Car Craft
- November 2002 Cover of Car Craft
- Categories: Automobile magazine
- Frequency: Monthly
- Publisher: Motor Trend Group
- Total circulation: 201,061 (2013)
- Founded: 1953
- Final issue: March 2020
- Company: Source Interlink
- Country: USA
- Based in: Los Angeles
- Language: English
- Website: www.carcraft.com
- ISSN: 0008-6010

= Car Craft =

American magazine

Car Craft was a magazine devoted to automobiles, hot rodding, and drag racing. It was published by the Motor Trend Group.
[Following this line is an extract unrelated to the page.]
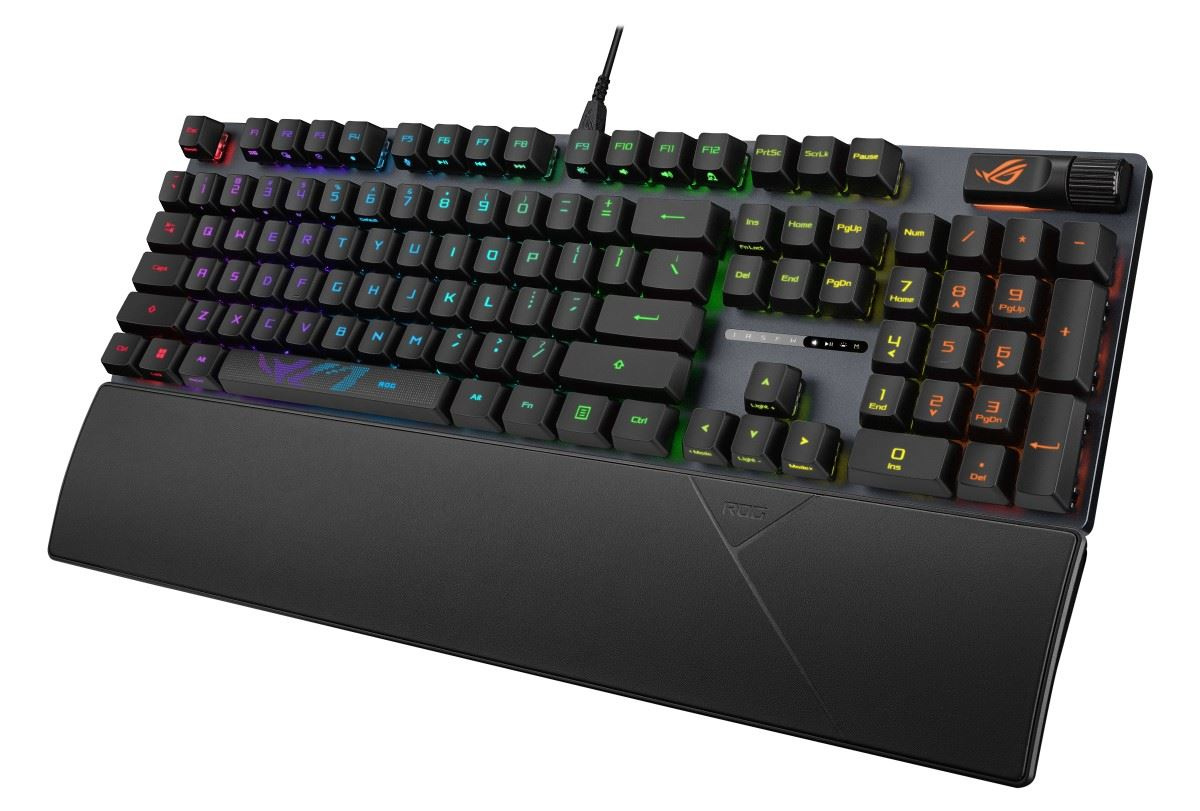 Herní klávesnice ROG Strix Scope II s předem namazanými mechanickými spínači ROG NX Red, pěnou tlumící zvuk, dvojitými krytkami kláves PBT nebo ABS s UV povlakem, klávesovými zkratkami pro streamování, multifunkčními ovládacími prvky, třemi úhly sklonu a opěrkou zápěstí

It was established in 1953. The magazine published articles directed at inexperienced and expert car mechanics, such as rebuilding a carburetor.

The motto of the magazine was Loud, Fast, Real, which emphasized its more budget-oriented approach to automobile building. When compared to similar magazines, Car Craft often featured vehicles built on a "real world" budget, with an emphasis on functionality over style. Sister publication Hot Rod overlapped to an extent on some of the same subject matter, however Hot Rod covered more professionally built vehicles.

One of the editors-in-chief was John Mcgann. Previous editors included Terry Cook, Rick Voegelin, Jon Asher, Jeff Smith, John Baechtel, Chuck Schifsky, Matt King, David Freiburger and Douglas Glad. Car Craft named an annual All-Star drag racing team each year plus a lifetime achievement award.

On December 9, 2019, MotorTrend publisher TEN Publishing announced that they will cease publishing of Car Craft, alongside 18 other magazines. March 2020 was the final issue of the magazine.